Biden’s nominee for ATF director, David Chipman, is not exactly someone who would be described as being popular among America’s politically active gun owners. David Chipman is among Biden’s most controversial picks, Chipman himself also has a career full of controversies that the public is becoming aware of at a rapid pace. One such controversy is that Chipman may have lost his service weapon while serving as an ATF agent, although he is denying these allegations many familiar with the situation are speaking out about Chipman’s butterfingers.
From The Federalist:
Judiciary ranking member Sen. Chuck Grassley of Iowa, Sen. Tom Cotton of Arkansas, Sen. Ted Cruz of Texas, and Sen. Mike Lee of Utah pushed Chipman on whether he had ever lost possession of his assigned gun while employed at the ATF for more than two decades. Chipman wrote in his testimony a negative to the question, but leadership at the American Accountability Foundation told The Federalist the nominee’s former supervisors and peers at ATF remember Chipman getting his gun stolen.
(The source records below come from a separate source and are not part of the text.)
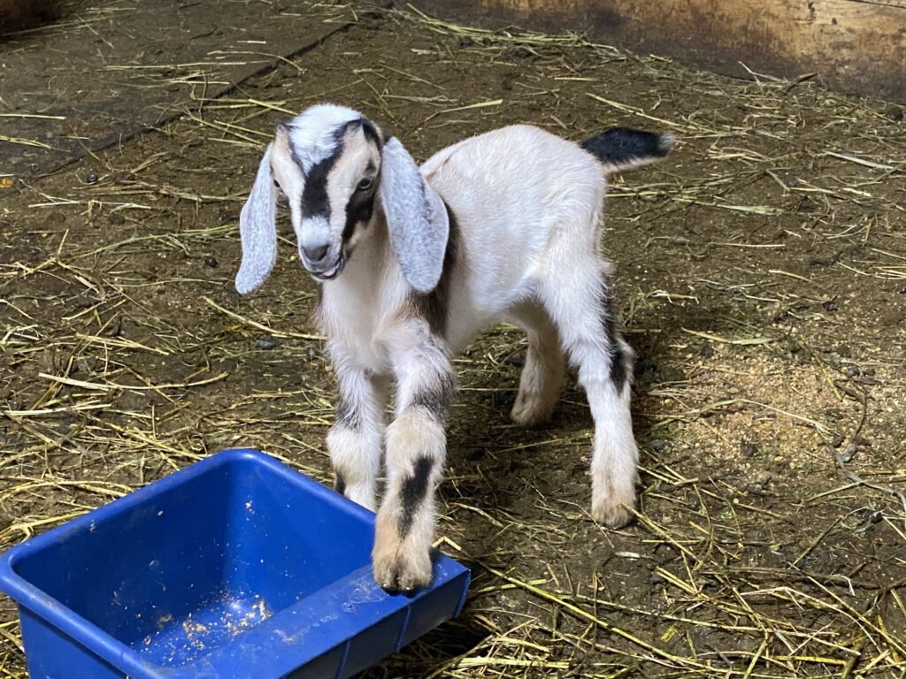 Twix gave us boy/girl twins, and we will be retaining her doeling (Caramella) for awhile to evaluate her. Twix was a strong milker as a first freshener, and we are hopeful that she’ll gain her production star this year. If so, her boy would be a *B. He is called Storybook’s Bounty. He is moonspotted with brown eyes. He seems to be polled, but we evaluate for weeks before confirming. He is very solid, with lovely breed character and looong ears. Bounty is offered at $500.
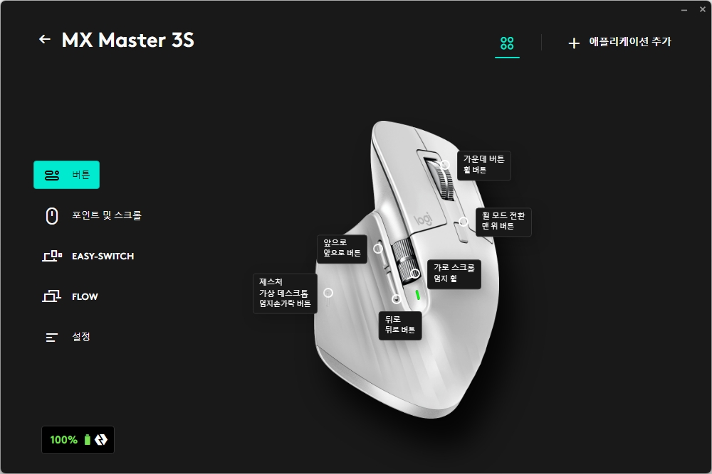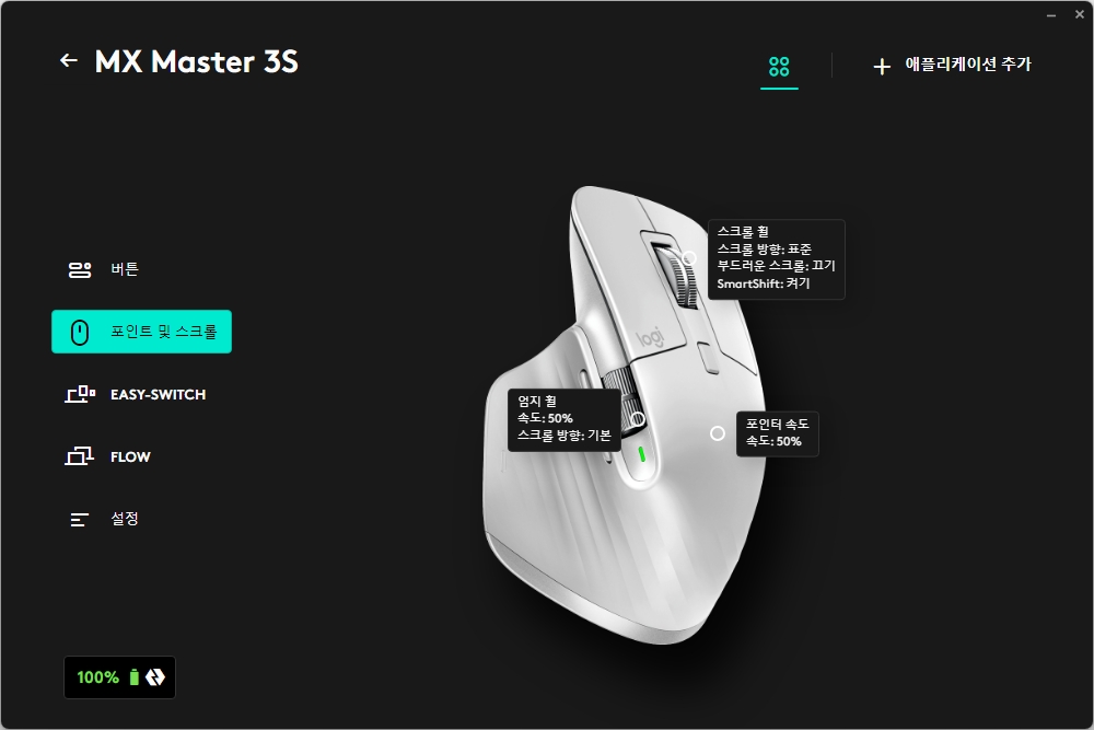 로지텍 MX Master 3S 무선 마우스는 로지 옵션 플러스(Logi Option+)라는 전용 소프트웨어를 통해서 설정을 변경할 수 있습니다. 가능하면 설치해서 사용하는 것을 추천합니다.
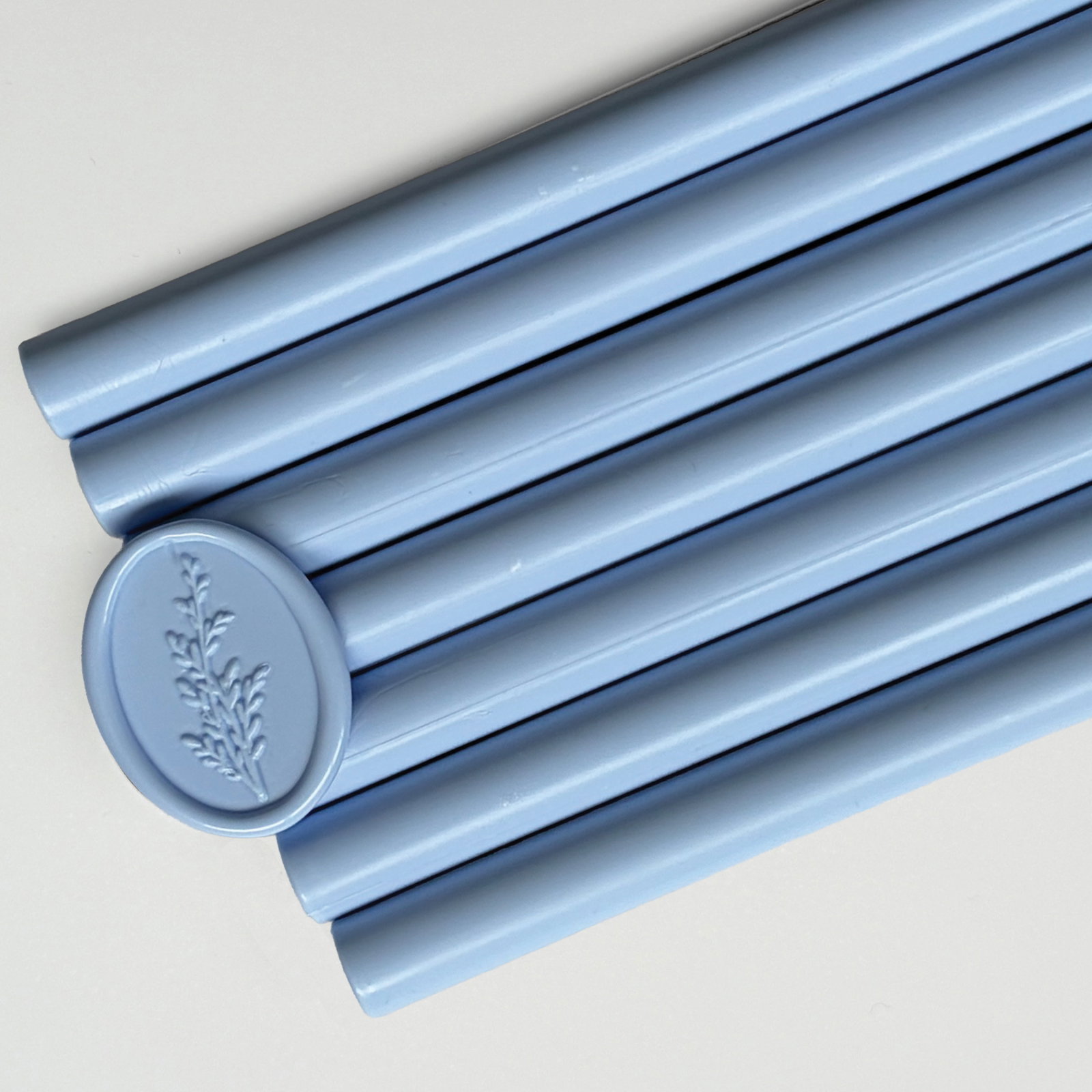 Cu batonul nostru de ceară albastru deschis, veți putea adăuga un element deosebit de sofisticare și autenticitate fiecărui sigiliu creat, asigurându-vă că fiecare invitație sau felicitare este unică și memorabilă.
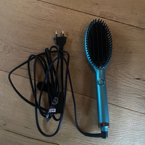 Vähän käytetty GHD:n suoristusharja. Lämpenee 185 asteeseen. Harjan avulla helppo ja nopea suoristaa hiukset.

“We were told multiple times by his former colleagues that he had lost his service weapon,” Tom Jones, co-founder of the group, said in an interview. “We shared this information with the Senate, who has taken up the matter. Often a federal employee’s personnel file is made available to the Senate and would clear this and other disciplinary matters up. This week, Chipman refused the Senate’s request to provide his personnel file, which raises questions on this matter and what else he is hiding.”
ATF employees are told not to store firearms in their vehicles. According to those who spoke to Jones, Chipman left his weapon in his personal vehicle one night, and allegedly a handyman broke in and stole it.
Another source familiar with the bombshell allegations told The Federalist “Senate staff will continue inquiries about whether or not Chipman mishandled service weapons,” indicating that Republicans intend to keep gathering intel.
During the hearing where a lot of this information first came to light, Republican Senators remarked at how ignorant Chipman was when it came to firearms. Senators also noted that Chipman has an extreme anti-gun bias.
The issue of Chipman losing his gun is not only a serious legal matter, it is also a matter of competency. Can Chipman be trusted to head an organization that is responsible for firearms policy and rules when he himself can not even secure one weapon that he was entrusted with as part of his duty as an ATF agent?